So much of The Assistant's muffled mayhem relies on Julia Garner. Miles away from her mouthy Emmy-winning role in Ozark, Garner here looks like a mute tragedy in progress. The camera is unsparing, burning a hole in her back when she's not looking while simultaneously willing her to stop looking. Garner does a terrific job of reflecting the shame of a million faceless dreamers on her movie-screen of a face. She is the reason we notice the little details of a character whose identity is incidental. Her name is Jane, as in "Plain Jane," in stark contrast to the glamorous young ladies she ushers into his cabin. She is the first to arrive and the last to leave, her early twenties engulfed by the gloom of a difficult future. An early scene shows Jane using a 'Big Hug' coffee mug in the sterile office kitchen – hers is the only personalized cup of the lot, a metaphor that mirrors her conscience in how she becomes the only employee who considers filing an HR complaint. Her quick breakfast is Froot Loops, a symbol of the colour and innocence getting eroded by the day. Her furtive glances towards the other females in her environment become a secret language – she hopes to see some sign, any sign, of a scream piercing through the poisonous haze.

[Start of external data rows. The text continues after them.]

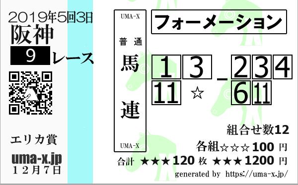 | 2014年 阪神 エリカ賞 | 4 | 8 | 9 | 5 | 3 | 12 | 6 | 1 | 5 | 4 | 6 | 8 | 4 | 3 | 9 | 4 | 1 | 12 | 5 | 8 | 4 | 9 | 6 | 1 | 12 | 4 | 3 | 12 | 1 | 6 | 4 | 8 | 3 | 6 | 1 |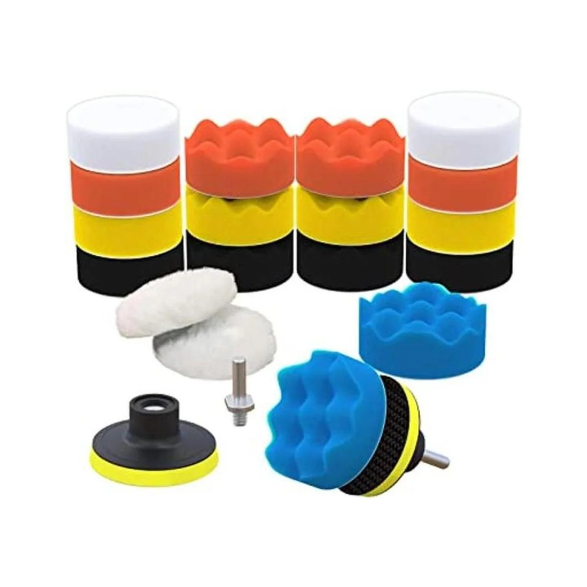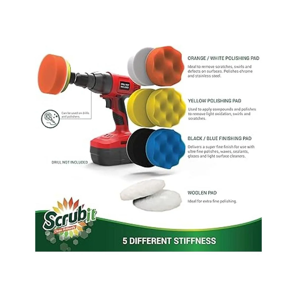 SCRUBIT Paquete de 22 almohadillas de pulido de espuma para automóvil, incluye 16 esponjas de detalle 3 pulgadas, 2 almohadillas de amortiguación de lana, 2 adaptadores de taladro y ventosas para tu vehículo, juego de encerado y pulidor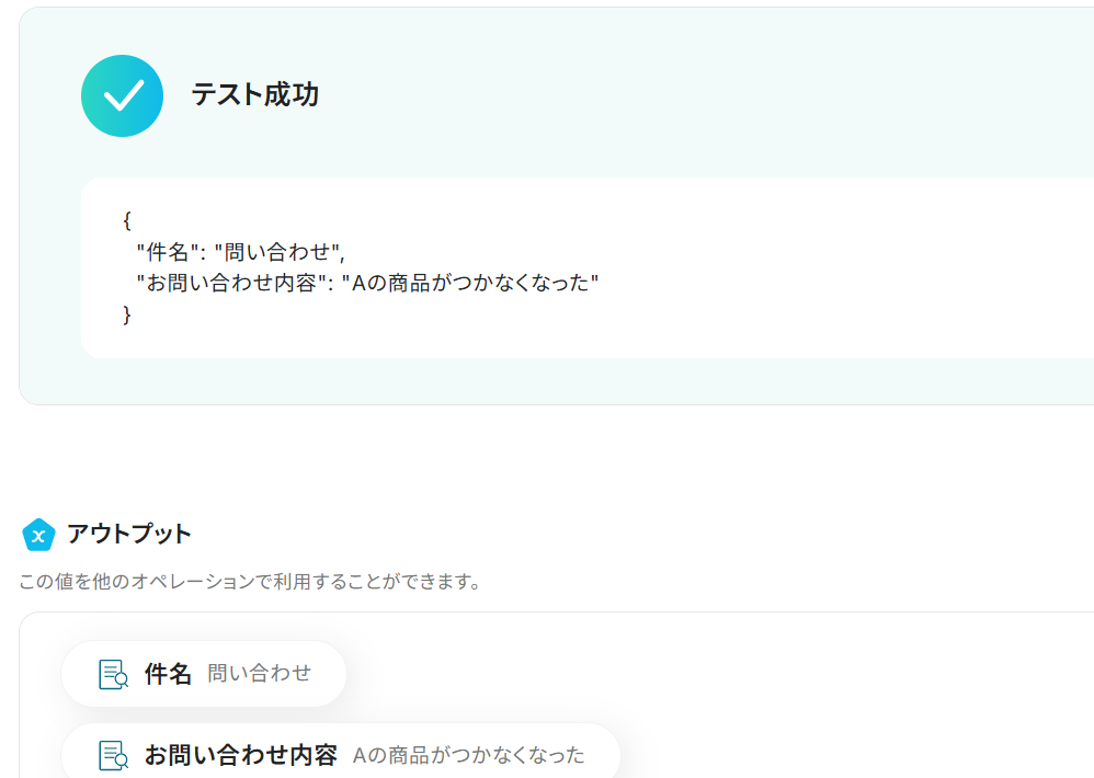 設定が完了したらテストし、アウトプットに抽出結果が表示されたら保存します。

Most of all, we sense this girl's headspace when she stares at the windows of corporate Manhattan – pieces of glass fitted into brick walls – while passing by. She is starting to understand that there are stories in there that count on never getting told. And that her story is now inextricably linked to them. Hers is no more a little-girl-in-big-city cautionary tale. Hers is not a girl-in-male-dominated-field redemption tale. In fact, hers is not a tale at all. We might want to believe that she stops by the New York Times or New Yorker offices on her way home. We might want to believe she is the spark that ignites a cultural moment. But the truth is she comes back into the office at dawn and writes another apology to her boss. The truth is that Jane has sacrificed her planeness for a crack at a girl-boss legacy. The truth is that she occupies both the pre-MeToo era as well as the post-MeToo one. And the damning truth is that The Assistant is an accumulation of time, not an indictment of it.